- Born: Eliza Valeria Atkins December 15, 1909 Winston-Salem, North Carolina, U.S.
- Died: December 15, 2009 (aged 100)
- Education: Fisk University (B.A) University of Illinois (B.A.S) University of California Berkeley (M.A) University of Chicago (Ph.D)
- Occupations: Librarian and Professor
- Spouse: Dr. Maurice Francis Gleason
- Children: Joy Carew
- Parent(s): Simon Green Atkins Oliona Pegram Atkins
- Relatives: Jasper Alston Atkins (brother)

= Eliza Atkins Gleason =

African American librarian

Eliza Atkins Gleason (born Eliza Valeria Atkins; December 15, 1909 – December 15, 2009) was the first African American to receive a doctorate in Library Science at the University of Chicago Graduate Library School in 1940. In 1941, she established and became the first Dean of the School of Library Service at Atlanta University and created a library education program that trained 90 percent of all African-American librarians by 1986.

==Education ==
Gleason was born in Winston-Salem, North Carolina, to Simon Green Atkins and Oliona Pegram Atkins. Both of her parents were educators; her mother was a teacher and her father was the founder and first president of Slater State College, now Winston-Salem State University.

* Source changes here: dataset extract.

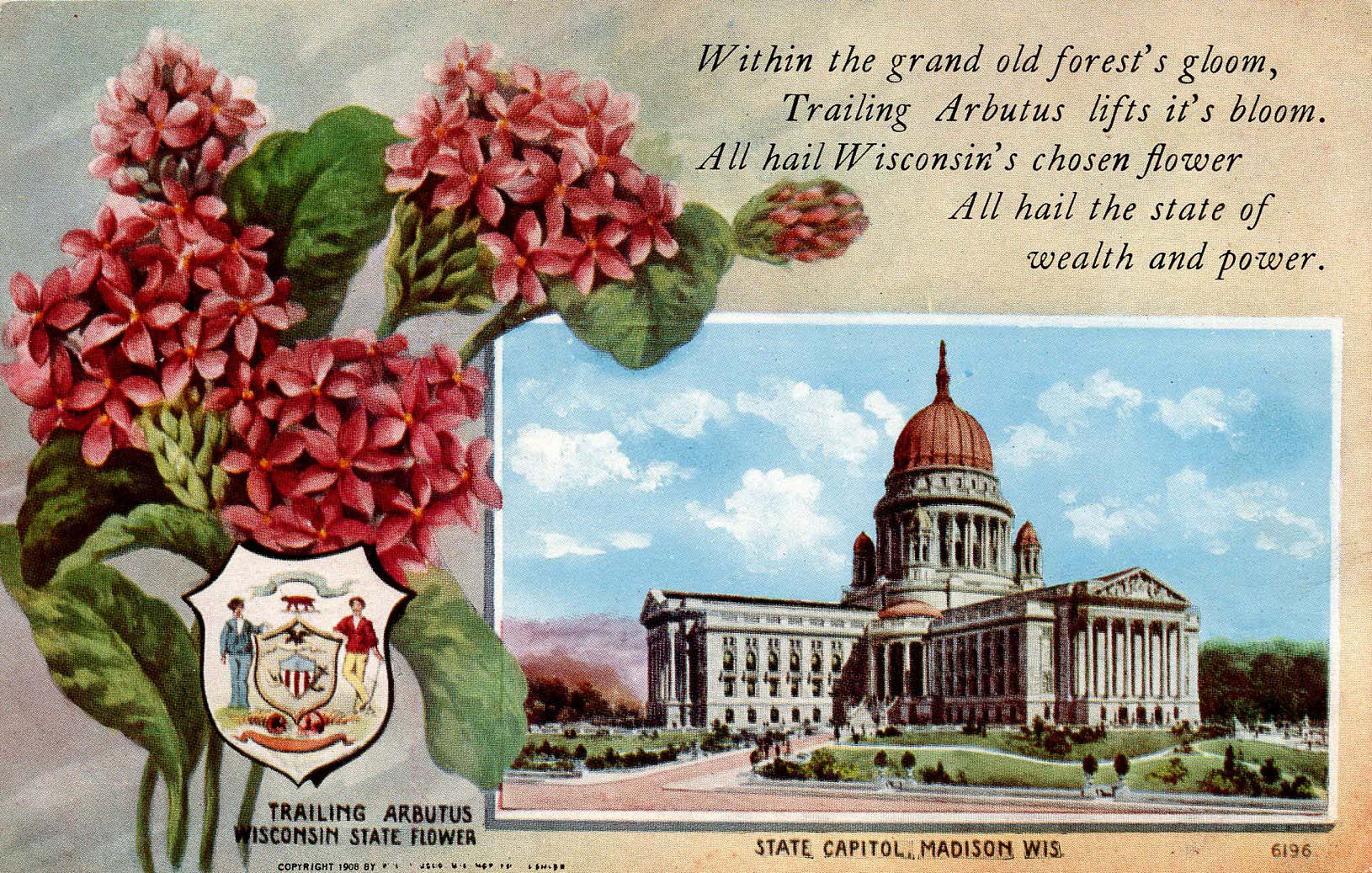 WI - State Flower & Capitol. Trailing Arbutus & Madison

After receiving her bachelor's degree from the University of Illinois in 1931, she took her first library job in Louisville, Kentucky, at Louisville Municipal College (originally known as Louisville Municipal College for Negroes) where she soon became the head librarian, following in the footsteps of her sister, Olie Atkins Carpenter, who was a librarian at this institution, as well.

In 1936, Gleason received her master's from the University of California, Berkeley and moved to Chicago where she received her Ph.D. in 1940 from the University of Chicago. Her dissertation, The Southern Negro and the Public Library: A Study of the Government and Administration of Public Library Service to Negroes in the South, was published in 1941 and was the first complete history of library access in the South, with a focus on African-American libraries. Her adviser was Carleton B. Joeckel.

== Career ==
She then took a position as the director of libraries at Talladega College in Alabama. In 1941 she established and became the first Dean of the School of Library Service at Atlanta University.

Gleason left Atlanta in 1946 to join her husband – Dr. Maurice Francis Gleason – in Illinois, where he was setting up a medical practice after having served in the military. The Gleasons married in 1937 and had a daughter, Joy Gleason Carew, who is now a professor of Pan-African studies at the University of Louisville. After stints at Woodrow Wilson Junior College and Chicago Teachers College, as well as a term as a guest lecture at the University of Chicago, Gleason became an associate professor in library science at the South Chicago branch of the Illinois Teachers College in 1964.

Gleason was the first African American to serve on the board of the American Library Association from 1942 to 1946. In 1978, she was appointed to the Chicago Public Library board and became the executive director of the Chicago Black United Fund.

Atkins was active in numerous professional and civic organizations. She was a member of the Women's Auxiliary of the Cook County Physicians Association and the Women's Auxiliary of the Meharry Medical College Alumni Association beginning in 1940. She also participated in the Hyde Park-Kenwood Community Conference (1950) and the Southeast Chicago Commission (1952), and was involved with the Independent Voters of Illinois starting in 1952. In 1961, she joined the Women's Auxiliary of the International College of Surgeons. From 1963 to 1965, she served as co-chair of the Fisk University Centennial Campaign and was a member of the executive committee of the Fisk University Alumni Association in 1964. Atkins was also affiliated with Phi Beta Kappa, Beta Phi Mu (the national honor society for library science), and the American Library Association.

==Death and legacy==

Gleason died on December 15, 2009 — her 100th birthday. In 2010, she was posthumously inducted into the University of Louisville's College of Arts and Sciences Hall of Honor.

The American Library Association awards the triennial Eliza Atkins Gleason Book Award in her honor for the best book written in English in the field of library history, including the history of libraries, librarianship, and book culture.

Past recipients include: Dr. Cheryl Knott, Christine Pawley, David Allan, Carl Ostrowski, and Louise Robbins.